Tous n’ont pas vocation à être fidélisés. Il faut également distinguer deux types de fidélités (105) ; la fidélité attitudinale qui reflète une préférence ou un engagement vis-à-vis de la banque et une fidélité comportementale qui peut se mesurer par le nombre de produits détenus et la possession d’un interlocuteur bancaire unique. Une relation client réussie implique une véritable fidélité de la part du client incluant les deux facettes de la fidélité : la préférence pour la banque et un comportement exclusif envers cette banque. La vente de packages bancaires, de plus en plus courante dans la banque commerciale, donne seulement une impression de fidélité des clients, elle les met dans un état de dépendance qui surestime le succès des opérations commerciales. Penser que le client est devenu fidèle s’avère dangereux pour le long terme.

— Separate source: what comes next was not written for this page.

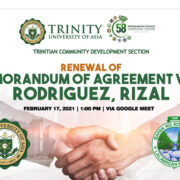 The Trinitian Center for Community Development is the official arm for Community Extension Service that supports Trinity University of Asia in carrying out its Vision and Mission of involving her constituents to live a LIFE that is GOD-centered and in service to the community.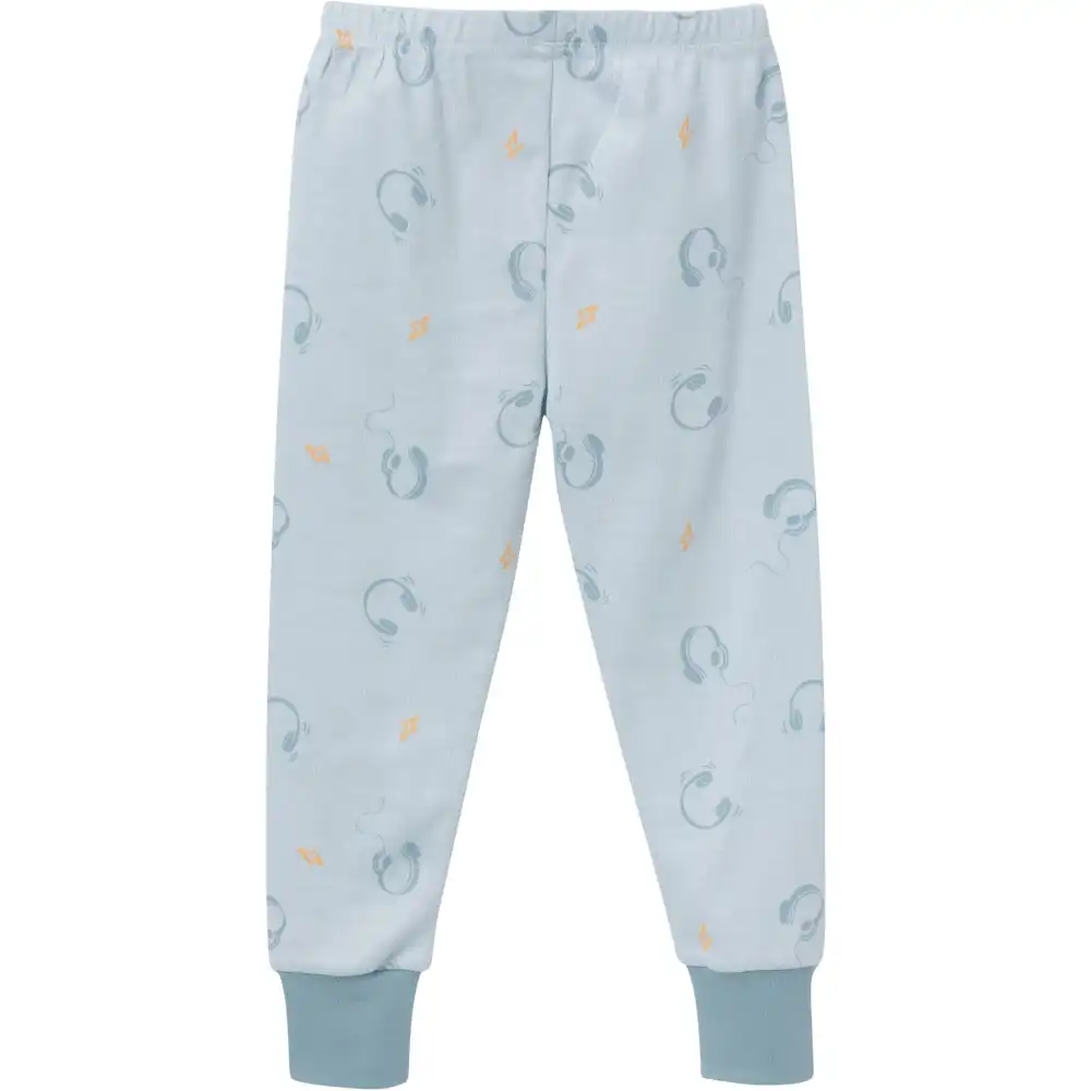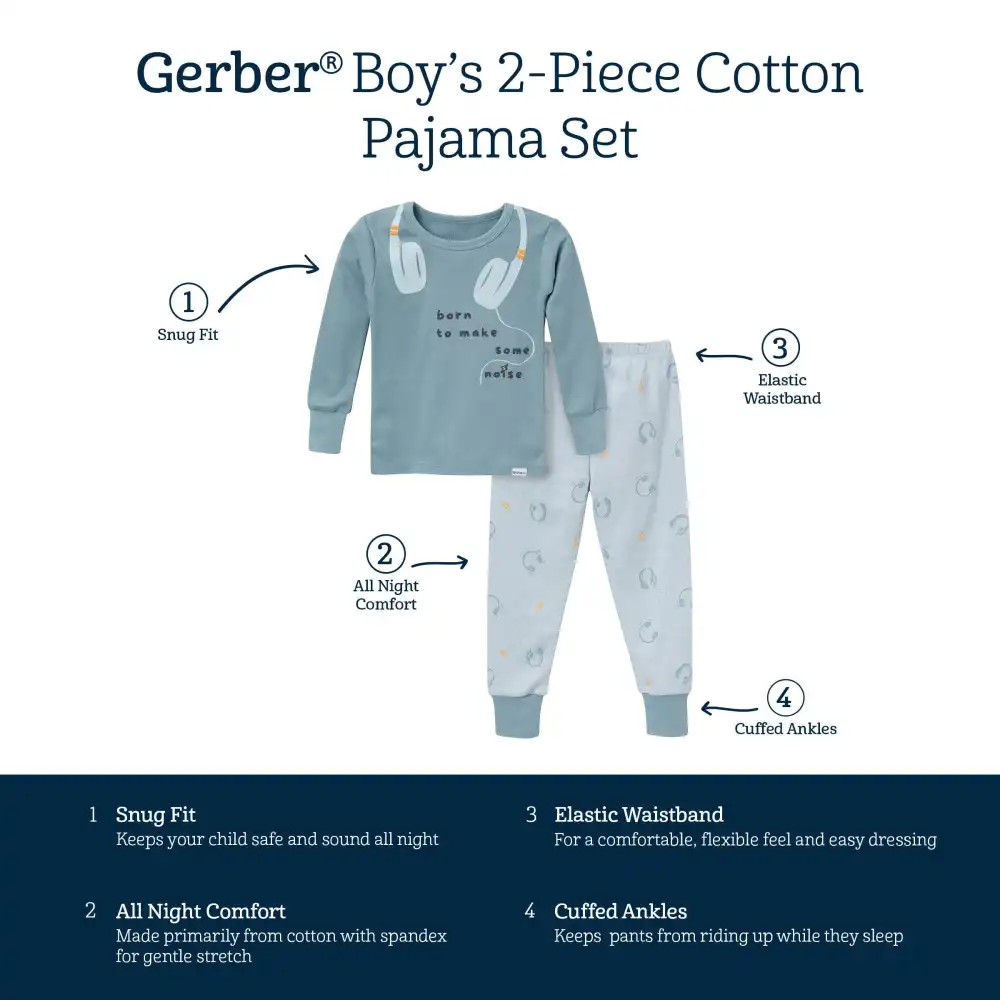 Perfect for little boys who love music, these 2-piece pajamas are sure to be a hit after a long day of play. Featuring a fun design with headphones and the playful text "born to make some noise" on the shirt, these pajamas celebrate his passion for rhythm and sound. Made primarily from soft cotton, they offer a breathable feel that keeps him cozy and comfortable throughout the night. The spandex trim at the neckline, wrists, and ankles provides flexibility for easy movement, while the stretchy ribbing on the waistband ensures a secure, comfortable fit. Designed with a tight-fitting style for safe wear, these pajamas are ideal for helping him wind down and get ready for a night of sweet dreams, making them a perfect choice for your little music lover. Our essentials have been independently certified with STANDARD 100 by OEKO-TEX® so that you don’t have to worry about harmful substances in your baby’s wardrobe. Pack includes matching pajama top and bottom.

On peut, néanmoins, se demander si la mise en place d’un système de gestion de la relation client dans le secteur bancaire a réellement permis le développement de la relation entre les banques et leurs clients ; ceux-ci sont invités à utiliser les canaux impersonnels pour la majeure partie de leurs opérations bancaires courantes et la relation entre le client et le conseiller n’est favorisée que si elle donne lieu à court terme à la création d’une valeur ajoutée pour la banque, soit la vente d’un produit ou d’un service bancaire.

Le marketing relationnel se différencie du marketing transactionnel par la perspective à long terme qu’il privilégie ; la recherche de l’efficacité à court terme de tout contact client éloigne peut-être la banque du modèle relationnel initialement recherché. On peut se demander quelle sera la réaction des clients lorsqu’ils percevront que la gestion de la relation client s’assimile parfois plus à la de la gestion des transactions clients. Des comportements opportunistes pourraient alors se développer.

(105) – Des Garets V., Lamarque E., Plichon V., « La Relation entreprises – clients : de la fidélité à la dépendance », Revue française de gestion, vol. 29, n° 144, Juin 2003, p. 33.

Quoiqu’il en soit, opérations marketing, orientation client et stratégie bancaire sont liées ; elles nécessitent une réflexion globale sur les cibles à privilégier, les canaux à mettre en œuvre et les systèmes d’information nécessaires. C’est dans une “réflexion plus large” sur l’organisation de l’entreprise bancaire qu’on trouvera le succès de ces opérations.